I began teaching a new course last week, as so many other teachers everywhere did, and, as is my wont, I asked my students for ‘lids down’ on the laptops which inevitably appear on their desks as they first arrive and sit down. The rationale of course is that their computers are open in order for them to “take notes,” but we can all be rightly skeptical of that practice. The online distractions are simply too many and varied for that to be consistently true, given the perfect visual block that the flipped-up lids present to we instructors stranded on the back side of that web portal.
It’s interesting to note that recent research indicates that students who take notes longhand, as compared to on their laptops, fare better in recalling the substance of the course material than do their keyboarding counterparts. And the longhanders score better not only in factual recall; conceptually they also respond more accurately and substantively to after-class questions, avoiding what the researchers refer to as the keyboarders’ “shallower processing.”
It’s a contentious issue among educators of course. Some suggest that we instructors should ‘embrace’ the digital realm in our classrooms, allowing students to tweet as we speak, ask questions anonymously, fact check, all that.

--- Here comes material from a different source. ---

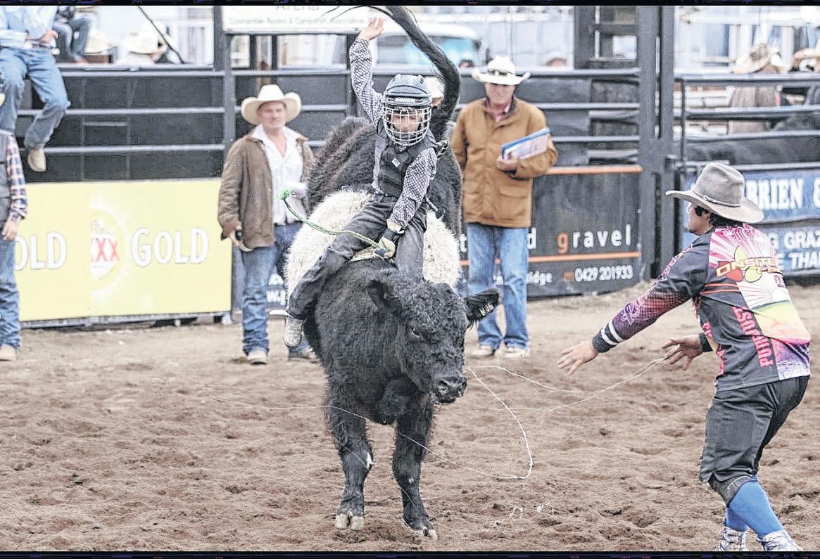 PICTURED RIGHT: Koby Read rode consistently across three big rounds to secure equal fi h in the ABCRA finals and (inset) Red Bend Catholic College student Stevee Besant was named national champion cowgirl of the season a er an outstanding campaign with her horse in the barrel racing.

A richer, more vibrant educational environment is the result, say these internet enthusiasts.
It depends upon class size, and certainly I wouldn’t object to laptops or handhelds open and operating during any kind of educational ‘field trip,’ but I came to the lids down position long before I heard about the recent research I’ve just mentioned, and I did so out of what may be seen as an old-school notion: common courtesy.

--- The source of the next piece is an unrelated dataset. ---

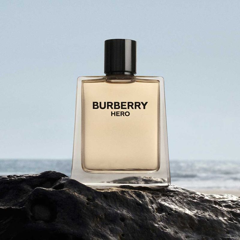 Burberry Hero Eau de Toilette for Men, la primera fragancia de Riccardo Tisci para Burberry. Un hombre en busca de transformación y heroísmo moderno. Este perfume abraza la dualidad: fuerza y sutileza, poder y compasión, atletismo y creatividad. Posee bergamota, enebro y pimienta negra. El enebro aporta frescura a la fragancia y se profundiza con un trío de aceites cálidos de madera de cedro de tres cadenas montañosas distintas.

My classes are small—as writing classes they need to be—and I am always looking for what I refer to as ‘engagement in the process.’ Regardless of the quality of the writing produced, I’m looking for students to listen carefully at all times, to me as well as to their fellow students, to think, process, and respond with ideas that may or may not be helpful to the group process. That just isn’t happening, or at least not as well as it could be happening, if students are in two places at once. Except of course they are not two places at once; their attention is simply bouncing rapidly back and forth between those two places. What we describe as multitasking.
In that sense I’m looking for more than just common courtesy, but respectful attention is nevertheless at the heart of what I’m asking for in a classroom. Anything less is simply rude.

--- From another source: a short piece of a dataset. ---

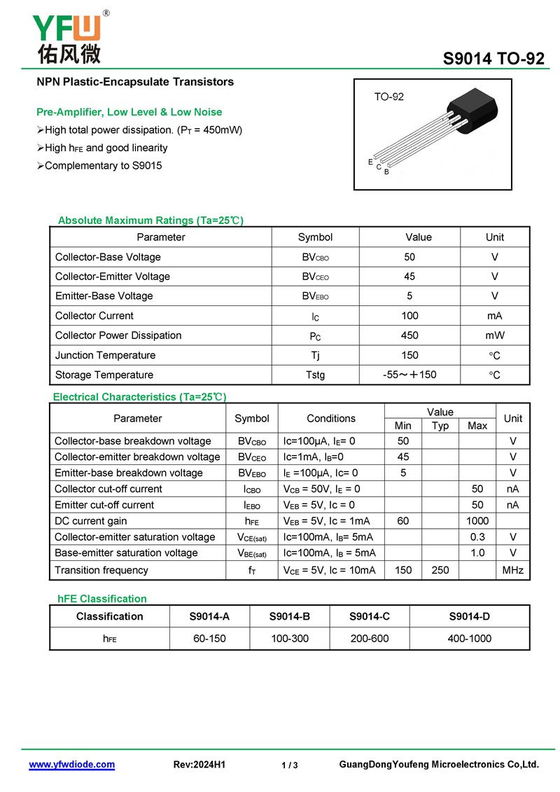 晶體管 S9014 規(guī)格書_價(jià)格_PDF手冊(cè)-廣東佑風(fēng)微原廠S9014 TO-92_(YFW佑風(fēng)微)品牌

We’re all familiar with moments like this:
Where the so-called ‘digital divide’ has nothing to do with separate generations or genders; it’s the sad loss of a potential conversation, and I very much consider my classroom process a group conversation.
Or how about this image, taken from the CNN election night coverage:
This is more precisely what I’m on about. These folks are gathered as pundits to discuss and enlighten the audience on the events of the evening, and clearly, as part of that endeavor, they can be expected to listen to one another, with their varied insights and political leanings, and we in the audience can be expected to profit by that exchange. But, with lids up, we may be sure that each pundit is periodically checking the screen while their fellow analyst is speaking. Why? I’m assuming it’s because they wish to check in on the very latest election data as it flows in. But this is CNN headquarters, where the data flowing all around them couldn’t be more up-to-the minute!
If you’re going to engage in a conversation with someone, group or otherwise, then do that, engage: listen carefully and respond thoughtfully. Not with just your own talking points, but with a reasoned response to what has just been said by your conversational partner.
Online addiction continues to engulf us. My own personal survey indicates that more than half of those of us walking outside are either staring into the virtual void or at least carrying the tool which connects us to that space. At a bus stop or in the subway car the great majority of us are guilty. And so it becomes increasingly difficult for us to unplug when we find ourselves a member of a group meant to communicate face to face.
When it comes to conversation and common courtesy, I guess it’s like what an old professor once said to me about common sense: ‘Not so common.’